Yea, some people are disappointed; some of the more interesting and exciting moments in physics are when we find out we're wrong, but not always. E.g. I will never forget the time and place I heard about the preliminary detection of primordial B-modes by BICEP (which turned out to be dust contamination) -- that was a predicted detection from canonical inflation models, as the Higgs was a standard prediction from the standard model (also a pretty exciting moment).
Not seeing something when we "expect" to not see anything (from the perspective of certain models) might be more boring, but it's definitely not a "waste" (again speaking purely from a physicist's standpoint).
We know the standard model is incomplete, but where and how are not well known. Not seeing evidence for new physics rules out certain models, and places upper/lower limits on others. It's progress either way.
Some do I'm sure. However if we see something unexpected and it turns out to be true that means our ideas of physics are fundamentally wrong. While it is long term good to correct our understanding, in the mean time a lot of the real world depends on us being right, and so until we correct the theory who knows what will work. I'd hate to find our margin of safety on nuclear bombs was too small and it is only luck that they haven't all blown up in their silos over the years.

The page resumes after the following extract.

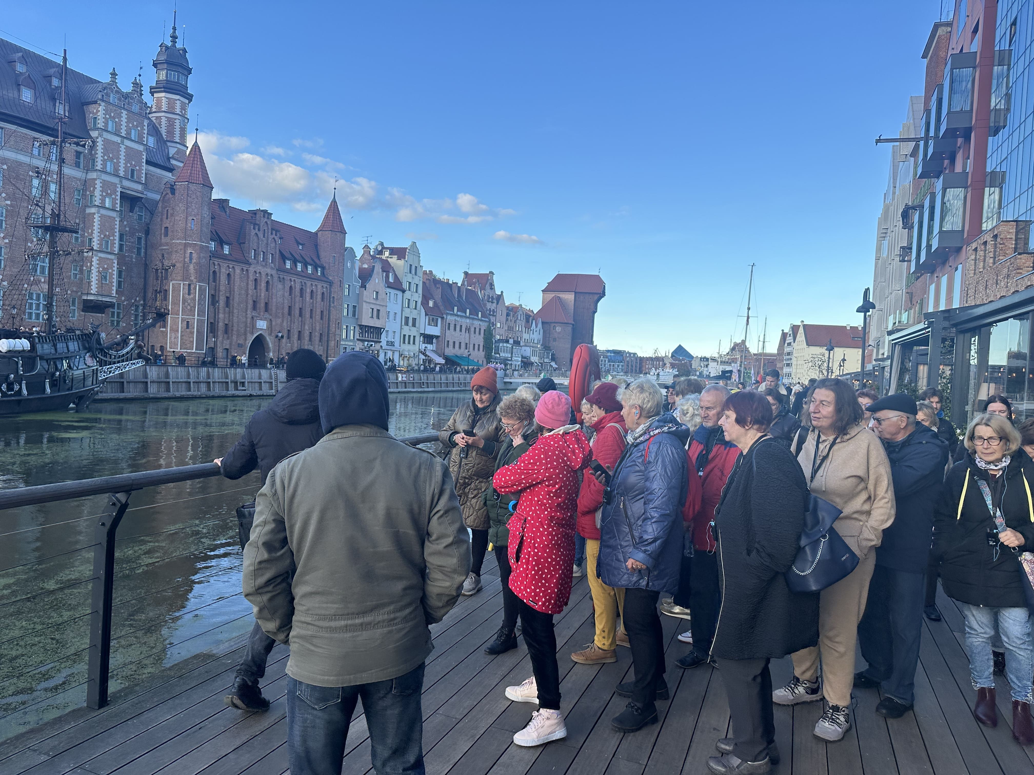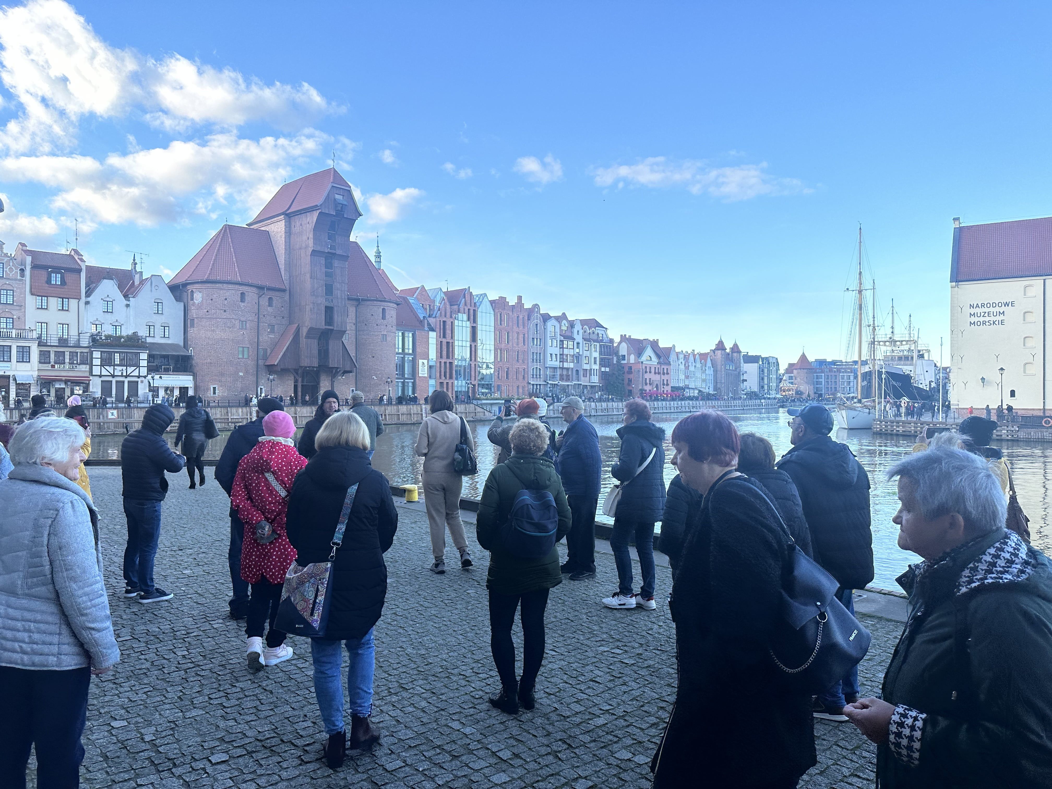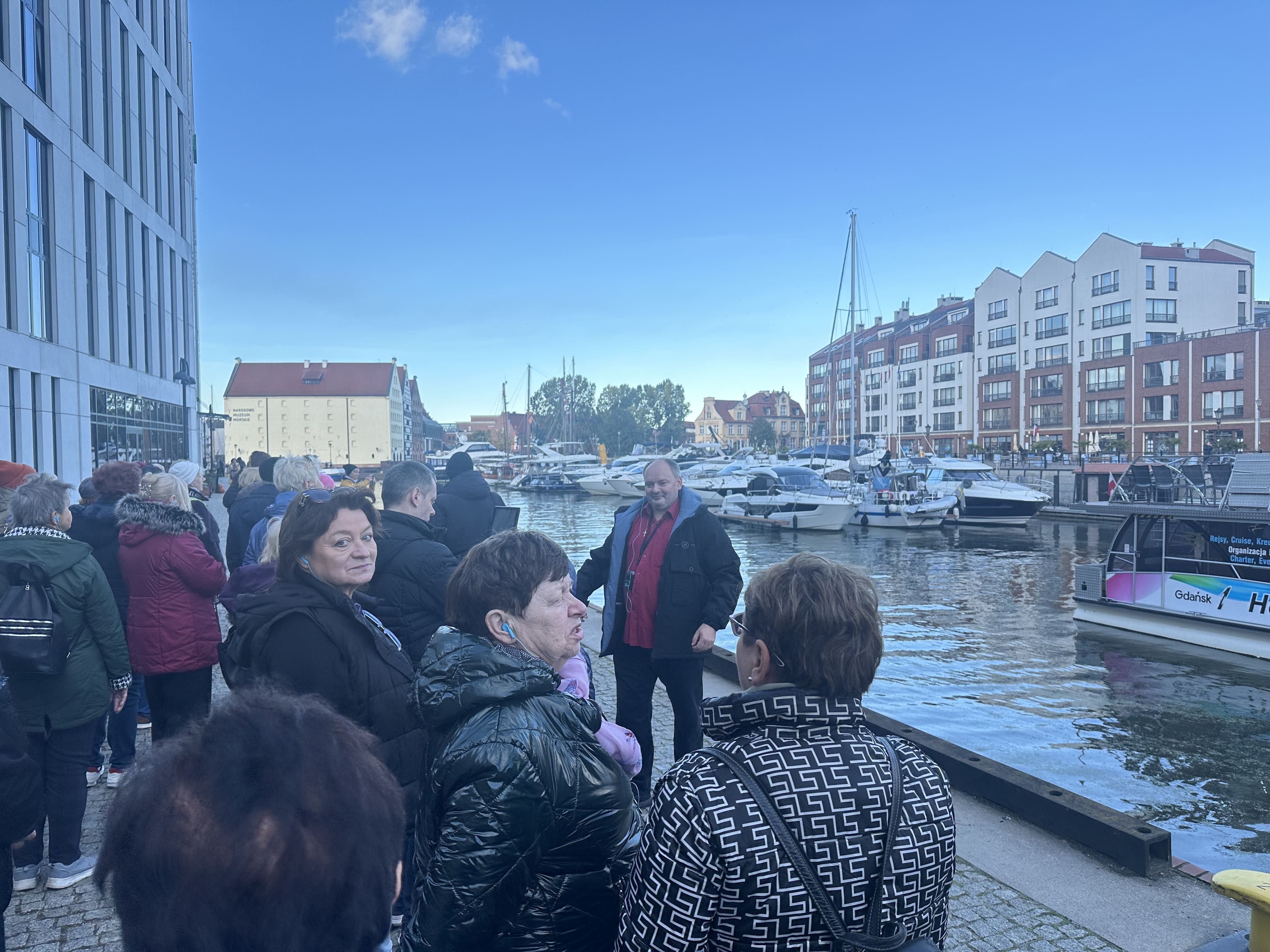 W trzecim dniu pielgrzymki spacerowaliśmy razem z przewodnikiem p. Arkiem po starówce gdańskiej. Spacer rozpoczęliśmy od Wyspy Spichrzów. Jeszcze 20 lat temu ta część Gdańska była zaniedbana, a kto się tam zapuszczał, mógł oberwać po głowie lub narazić się na opróżnienie zawartości kieszeni lub torebki. Spacer tylko na własną odpowiedzialność.

The quantum mechanics approach is to get a good idea about what happens for everything under a certain energy level.
They keep building bigger machines to fill out the parts that don't have a definition yet.
Anything that specifies what happens at the next band of energy levels is a success, whether it yields new particles, or rules them out at that energy level.
There's some destination of approaching the most energy dense states like describing the mechanics that were active during the big bang period
Hossenfelder has a lot of... unique takes in the physics world, I don't think she should be used as a general barometer of the field.